Qui le convinzioni di efficacia modulano lo stress e l’ansia attraverso il loro
impatto sul comportamento concreto di gestione.
Quanto più forte è il senso di efficacia, tanto più le persone sono vigorose
nell’affrontare situazioni problematiche stressanti e tanto maggiore è il loro
successo nel modificarle.
Un basso senso di efficacia nelle proprie capacità di esercitare un controllo
sulle situazioni problematiche alimenta, oltre all’ansia, anche la depressione
in vari modi.
Una strada che conduce alla depressione è quella delle aspirazioni frustrate.
Le persone che si sentono valide solo se raggiungono determinati standard
autoimposti, che sanno di non poter raggiungere, si spianano la strada a un
episodio di depressione.
Una seconda via che conduce alla depressione è un basso senso di efficacia
sul piano delle relazioni sociali. Il sostegno sociale riduce la vulnerabilità allo
stress, alla depressione e alla malattia fisica. Il sostegno sociale non è
un’entità che si sviluppi da sé, le persone devono impegnarsi per trovare o
crearsi delle relazioni capaci di fornire loro sostegno. Ciò richiede un forte
senso di Autoefficacia in campo sociale.
3. I PROCESSI AFFETTIVI
La terza via che conduce alla depressione passa attraverso
l’incapacità di controllare il pensiero. Gran parte della depressione
umana è generata cognitivamente mediante ruminazioni mentali
dall’effetto demoralizzante.
Un basso senso di Autoefficacia nel controllo della ruminazione
mentale contribuisce alla comparsa, alla durata e alla recidività degli
episodi di depressione.
Quanto più debole è l’efficacia percepita nell’interrompere le
ruminazioni mentali, tanto maggiore risulta la depressione.

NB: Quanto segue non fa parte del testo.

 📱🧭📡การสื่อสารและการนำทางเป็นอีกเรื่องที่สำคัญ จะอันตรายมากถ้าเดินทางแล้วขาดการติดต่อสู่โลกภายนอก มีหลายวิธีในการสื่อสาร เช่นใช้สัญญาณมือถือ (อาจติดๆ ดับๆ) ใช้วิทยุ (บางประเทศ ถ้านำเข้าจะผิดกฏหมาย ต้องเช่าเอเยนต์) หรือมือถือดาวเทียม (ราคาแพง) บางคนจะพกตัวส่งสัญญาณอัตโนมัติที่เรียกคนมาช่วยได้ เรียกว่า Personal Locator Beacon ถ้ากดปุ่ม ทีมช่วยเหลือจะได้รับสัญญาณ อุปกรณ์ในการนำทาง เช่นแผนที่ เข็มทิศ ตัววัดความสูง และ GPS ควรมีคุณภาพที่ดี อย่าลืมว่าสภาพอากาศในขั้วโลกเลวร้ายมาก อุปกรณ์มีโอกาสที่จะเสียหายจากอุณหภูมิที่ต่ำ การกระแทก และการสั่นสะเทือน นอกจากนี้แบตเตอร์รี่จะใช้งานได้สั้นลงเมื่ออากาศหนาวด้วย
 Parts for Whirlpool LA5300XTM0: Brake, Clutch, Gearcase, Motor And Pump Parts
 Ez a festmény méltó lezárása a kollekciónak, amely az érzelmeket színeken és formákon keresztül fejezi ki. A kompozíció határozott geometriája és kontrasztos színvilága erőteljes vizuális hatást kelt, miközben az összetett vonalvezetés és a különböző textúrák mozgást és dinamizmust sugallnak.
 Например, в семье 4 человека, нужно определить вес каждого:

L’umore e l’Autoefficacia si influenzano reciprocamente in modo
bidirezionale: un basso senso di Autoefficacia circa la capacità di
procurarsi ciò che nella vita conduce alla soddisfazione di sé e alla
sensazione di valore personale dà luogo alla depressione, e l’umore
depresso, a sua volta, diminuisce la fiducia nella propria efficacia
personale, in un circolo vizioso che porta a una demoralizzazione
sempre maggiore.
4. I PROCESSI DI SCELTA
Le convinzioni di efficacia personale possono modellare il corso che
la vita assume anche determinando il genere di attività che si
intraprendono e i contesti ambientali a cui si sceglie di accedere.
In questo processo ognuno modella il proprio destino, scegliendo il
tipo di ambiente che ritiene adatto a coltivare certe potenzialità e
determinati stili di vita.
Le persone evitano le attività e gli ambienti che considerano al di là
delle proprie capacità di gestione e scelgono invece attività
stimolanti e ambienti che giudicano alla propria portata.
Attraverso le scelte che compiono, le persone coltivano diversi tipi di
competenze, interessi e relazioni sociali che determinano il loro
corso esistenziale.
Qualsiasi fattore che influenzi il comportamento di scelta può
influenzare profondamente la direzione dello sviluppo personale.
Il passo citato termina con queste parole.